**About this exercise**
All lines below containing the string "that" are to be copied.

________________

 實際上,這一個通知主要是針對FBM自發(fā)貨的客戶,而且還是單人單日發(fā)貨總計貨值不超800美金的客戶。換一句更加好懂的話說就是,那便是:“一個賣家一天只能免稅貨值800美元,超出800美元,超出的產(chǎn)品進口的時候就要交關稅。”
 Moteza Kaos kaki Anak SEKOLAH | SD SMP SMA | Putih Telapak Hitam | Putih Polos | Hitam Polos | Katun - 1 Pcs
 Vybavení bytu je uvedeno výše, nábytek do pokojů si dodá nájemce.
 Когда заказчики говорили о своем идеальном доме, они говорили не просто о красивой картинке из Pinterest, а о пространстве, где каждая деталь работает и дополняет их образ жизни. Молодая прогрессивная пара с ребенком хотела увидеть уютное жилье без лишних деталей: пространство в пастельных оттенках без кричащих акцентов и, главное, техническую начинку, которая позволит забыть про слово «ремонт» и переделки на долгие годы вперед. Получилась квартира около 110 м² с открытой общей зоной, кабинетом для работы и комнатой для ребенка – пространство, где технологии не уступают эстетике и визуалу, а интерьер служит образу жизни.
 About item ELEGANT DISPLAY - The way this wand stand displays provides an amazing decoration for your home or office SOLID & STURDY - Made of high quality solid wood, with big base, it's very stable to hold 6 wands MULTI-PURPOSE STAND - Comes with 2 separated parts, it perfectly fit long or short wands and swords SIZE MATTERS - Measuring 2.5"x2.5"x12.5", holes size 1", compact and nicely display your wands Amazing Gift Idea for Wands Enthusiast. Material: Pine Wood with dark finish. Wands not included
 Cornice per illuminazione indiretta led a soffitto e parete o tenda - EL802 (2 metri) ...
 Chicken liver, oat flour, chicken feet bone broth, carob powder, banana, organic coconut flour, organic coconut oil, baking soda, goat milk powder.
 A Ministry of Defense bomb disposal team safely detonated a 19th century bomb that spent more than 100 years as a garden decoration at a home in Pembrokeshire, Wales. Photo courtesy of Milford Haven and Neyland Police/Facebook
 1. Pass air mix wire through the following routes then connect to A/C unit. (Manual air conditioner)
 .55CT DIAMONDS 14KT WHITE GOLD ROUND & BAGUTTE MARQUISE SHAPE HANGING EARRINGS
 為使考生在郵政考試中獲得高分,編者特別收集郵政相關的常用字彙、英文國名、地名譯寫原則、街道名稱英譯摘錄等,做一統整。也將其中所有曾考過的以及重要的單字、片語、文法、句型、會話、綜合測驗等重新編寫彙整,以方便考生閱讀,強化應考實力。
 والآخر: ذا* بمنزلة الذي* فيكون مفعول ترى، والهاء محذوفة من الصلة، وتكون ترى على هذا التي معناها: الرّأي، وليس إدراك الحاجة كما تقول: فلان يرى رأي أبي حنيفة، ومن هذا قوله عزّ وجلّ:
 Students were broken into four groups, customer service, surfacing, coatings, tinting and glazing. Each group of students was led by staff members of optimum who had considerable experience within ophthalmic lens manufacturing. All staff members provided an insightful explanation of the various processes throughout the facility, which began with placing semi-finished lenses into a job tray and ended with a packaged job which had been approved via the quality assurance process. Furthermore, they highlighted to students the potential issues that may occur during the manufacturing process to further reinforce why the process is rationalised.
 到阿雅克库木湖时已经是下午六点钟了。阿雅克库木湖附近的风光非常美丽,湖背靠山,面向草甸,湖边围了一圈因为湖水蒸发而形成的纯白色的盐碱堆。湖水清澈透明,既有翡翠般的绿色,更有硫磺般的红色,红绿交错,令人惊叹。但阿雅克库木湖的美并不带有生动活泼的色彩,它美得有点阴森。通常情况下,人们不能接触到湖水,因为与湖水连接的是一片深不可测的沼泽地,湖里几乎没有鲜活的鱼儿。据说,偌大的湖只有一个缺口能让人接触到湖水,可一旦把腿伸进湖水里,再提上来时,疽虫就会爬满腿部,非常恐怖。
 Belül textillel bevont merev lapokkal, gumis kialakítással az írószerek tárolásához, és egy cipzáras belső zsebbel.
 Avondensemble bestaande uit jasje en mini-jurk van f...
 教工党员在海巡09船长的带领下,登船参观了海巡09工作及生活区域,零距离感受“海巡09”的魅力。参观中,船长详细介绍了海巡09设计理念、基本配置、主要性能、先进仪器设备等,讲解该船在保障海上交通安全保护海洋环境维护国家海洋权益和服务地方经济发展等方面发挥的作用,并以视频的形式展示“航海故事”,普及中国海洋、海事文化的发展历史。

________________

**Result for this task**
 A Ministry of Defense bomb disposal team safely detonated a 19th century bomb that spent more than 100 years as a garden decoration at a home in Pembrokeshire, Wales. Photo courtesy of Milford Haven and Neyland Police/Facebook
 Students were broken into four groups, customer service, surfacing, coatings, tinting and glazing. Each group of students was led by staff members of optimum who had considerable experience within ophthalmic lens manufacturing. All staff members provided an insightful explanation of the various processes throughout the facility, which began with placing semi-finished lenses into a job tray and ended with a packaged job which had been approved via the quality assurance process. Furthermore, they highlighted to students the potential issues that may occur during the manufacturing process to further reinforce why the process is rationalised.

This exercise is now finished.